In the same way, when it comes to apostrophes, you need to ask yourself certain self-preserving questions. A common crime in grammar is to write something like I read 100’s of books online or the two large lion’s approached quickly. These are incorrect, because neither ‘1000’ or the lions, ‘own’ anything in the sentence, nor is the s a shortening of is. A good quality-control approach is to ask yourself ‘Am I actually writing 100 IS’, or, does ‘100’ actually ‘own’ something in this sentence? If the answer is no, and ‘100’ is just plural, then you don’t need an apostrophe.
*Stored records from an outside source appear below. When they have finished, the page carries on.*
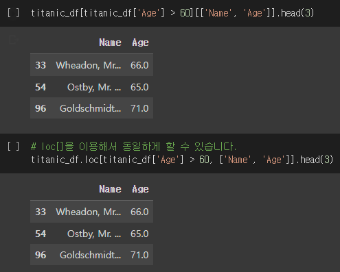 실제로 동일한 불린 인덱싱을 [] 연산과 loc[] 연산에서 수행할 수 있습니다. 여기서 loc[] 연산에서 ['Name', 'Age']는 칼럼 위치에 놓여야함을 주의합시다.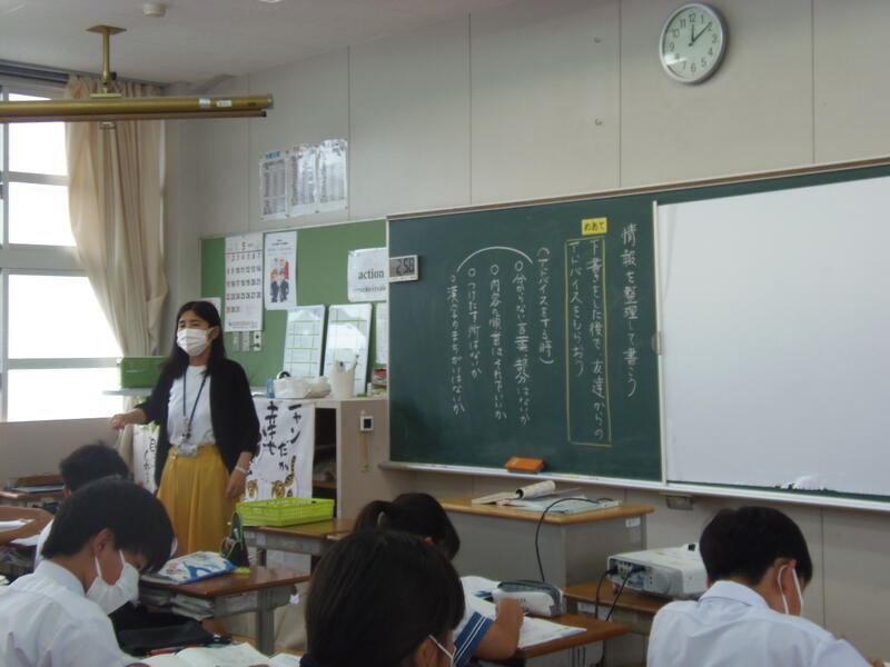 中学校の道徳の授業の様子です。中学校においては、学年部のすべての職員が道徳の授業を行っています。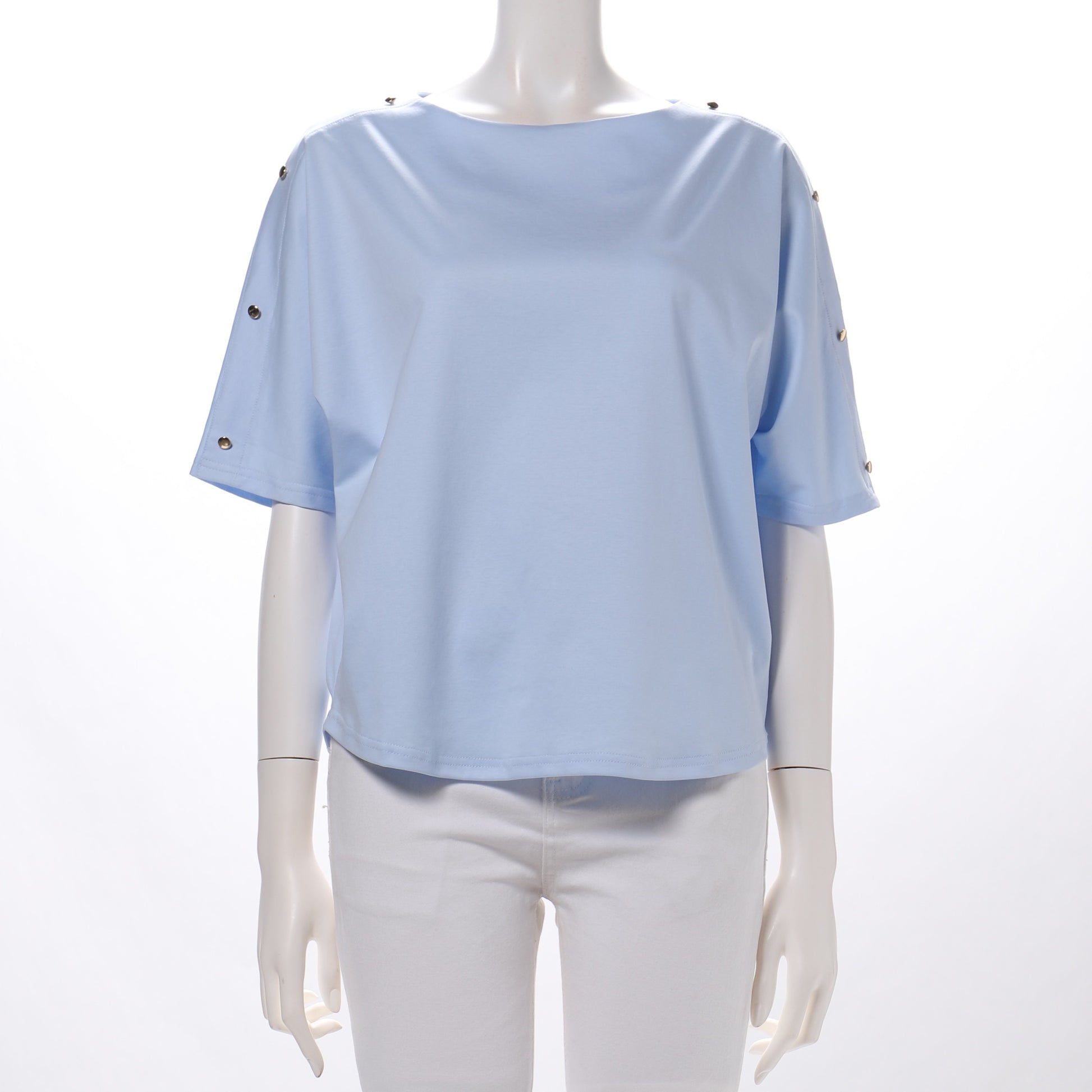 お袖のゴールドボタンがポイントのドルマンスリーブカットソーです。テーパードパンツとパンプスを合わせてキレイめスタイルや、ロングギャザースカートとスニーカーを合わせてカジュアルなスタイルもいいですね。

Take note, grammar lovers, not everybody agrees on the state of Do's and Don'ts. Many people who also love grammar, will insist on taking a variety of measures, such as writing Dos and Don'ts, Do's and Don't's and also Dos and Dont's. MC Grammar says: increase the grammar peace, fellow word lovers. Although these version might be accepted in some situations, if you're writing something like an important document that a lot of people are going to read, it's best to stick to the modern, most widely accepted, and easiest to understand, Do's and Don'ts.

To finish off, let's check out this video from the 50's about dating. See how the video is correctly titled Do's and Don'ts? Now THAT's how to get a date.


  1. Yes, but you haven't cleared up the whole 'it' possession thing, for example: 'it's got milk on its chin'... I think the confused masses need to know about this. Help us, MC Grammar!!!!!